Lev S. Vygotsky argued that “humans are embedded in a socio-cultural matrix and
human behaviour (learning) cannot be understood independently of this ever present matrix,”
(Miller, 2002, p.368). I agree that culture is central to learning as culture dictates the knowledge
and skills members need to function within their given culture. Culture dictates what types of
knowledge is valued and thus desired to be learned/taught.
Within a culture there exist a series of environments. Physical environments are key to
learning as they provide contexts for interactions including: learner-knowledge, learner-social,
learner-self, and learner-artifacts. It is within the context of a safe physical environment that
prior knowledge can be assessed. More capable members of the social group can then construct
knowledge through scaffolding a learner through zones of proximal development.
Within the physical environment exists a social environment. The social environment
allows a learner to participate in communities and observe others and acquire knowledge, rules,
strategies, skills, beliefs and attitudes (Schunk, 2004, p.83). Not all learning events will have the
same magnitude of importance to a learner. The cognitive reaction and pathways of
interconnected development will vary depending on the relevance to the learner. Learning is
therefore a social culturally imbedded process, but it is also an individual process driven by
motivation, metacognition, and the subsumption (Novak, 1998) of relevant information to the
learner.
Culture informs what is learned in the physical and social environments. The creation of
knowledge is through a process of meaningful interactions within communities that allow the
learner to be scaffolded and use metagocnative processes to build upon prior-knowledge.

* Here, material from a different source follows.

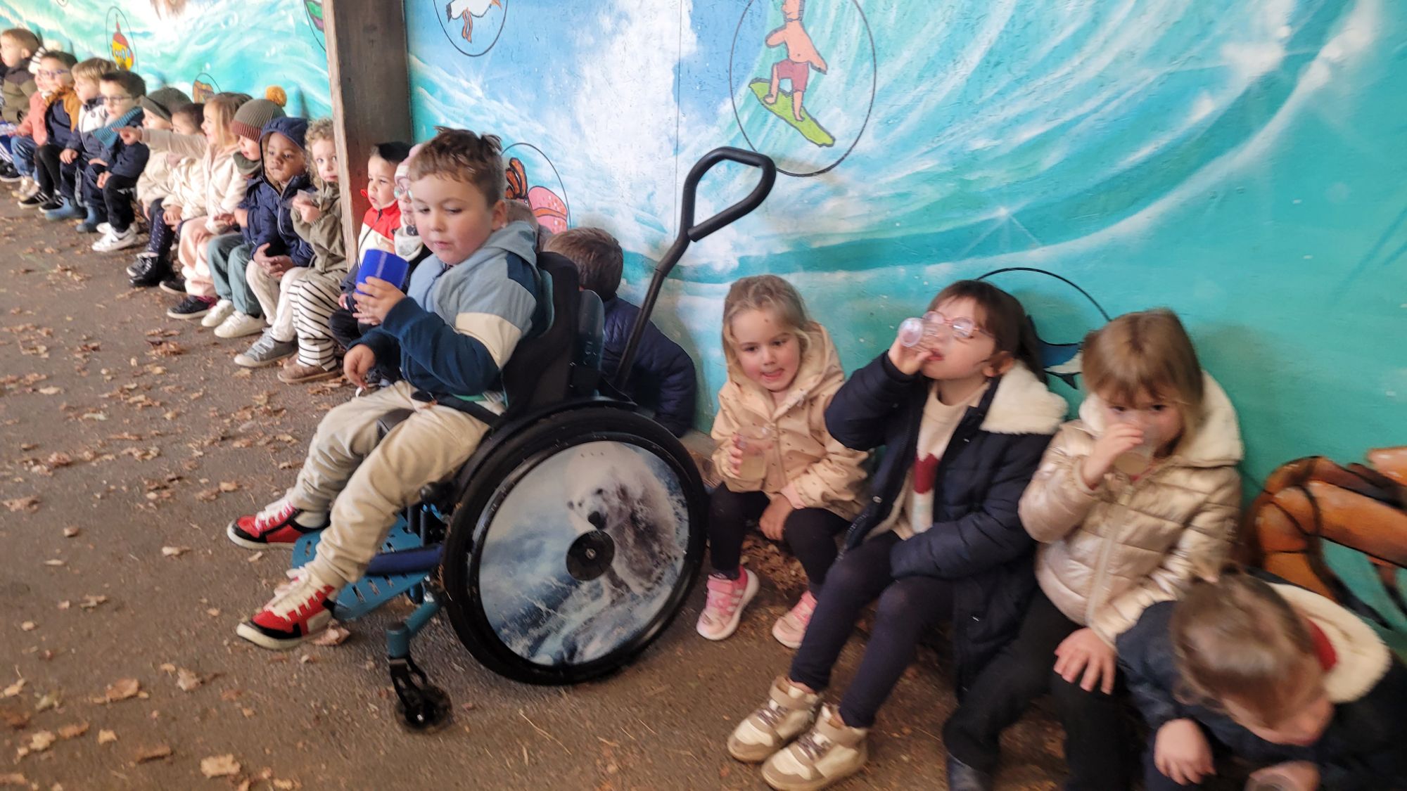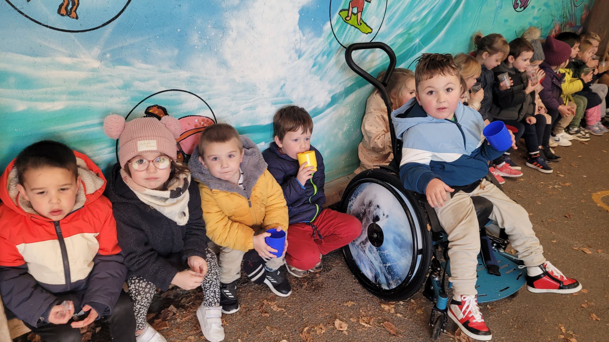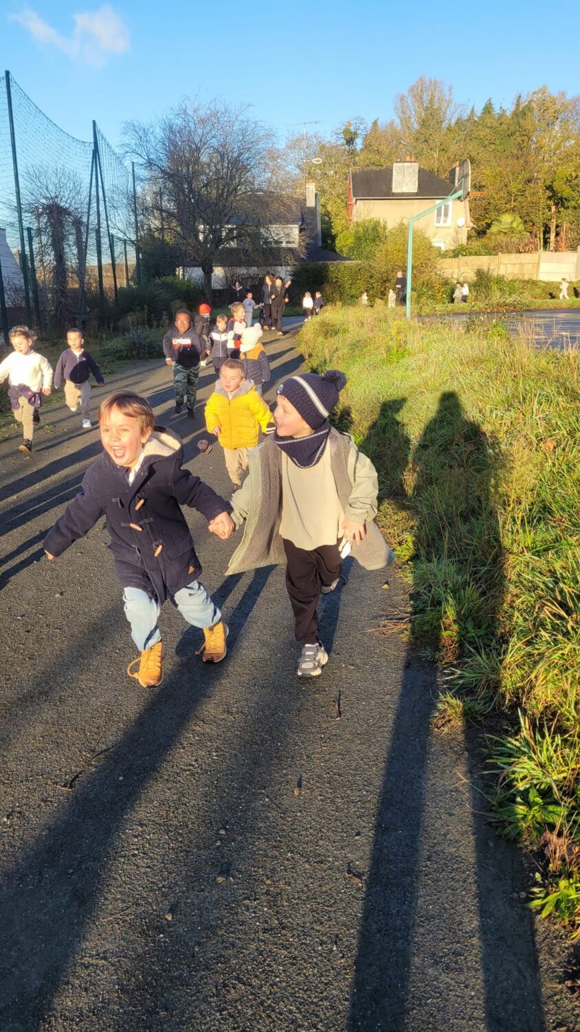 Aujourd’hui nous avons couru pour le Telethon. Ce fut un moment de sport festif et tous les enfants se donné à fond pour le Téléthon ! Et les parents ont bien participé aussi !! Ensuite nous avons partagé un moment convivial avec toutes les maternelles pour un goûter sous le préau ! C’était super !!

Miller, P. H. (2002). Theories of Developmental Psychology, 4th Ed. (pp. 367-396; Vygotsky’s
Socio-Cultural Approach). New York: Worth.
Novak, J. D. (1998). Learning, Creating, and Using Knowledge: Concept Maps as Facilitative
Tools in Schools and Corporations (pp. 49-78; ch 5 – Ausubel’s Assimilation Learning Theory).
Mahwah, NJ: Erlbaum.
Schunk, D. H. (2004). Learning Theories: An Educational Perspective, (pp. 83-136; ch-3- Social
Cognitive Theory). Upper Saddle River, NJ: Pearson.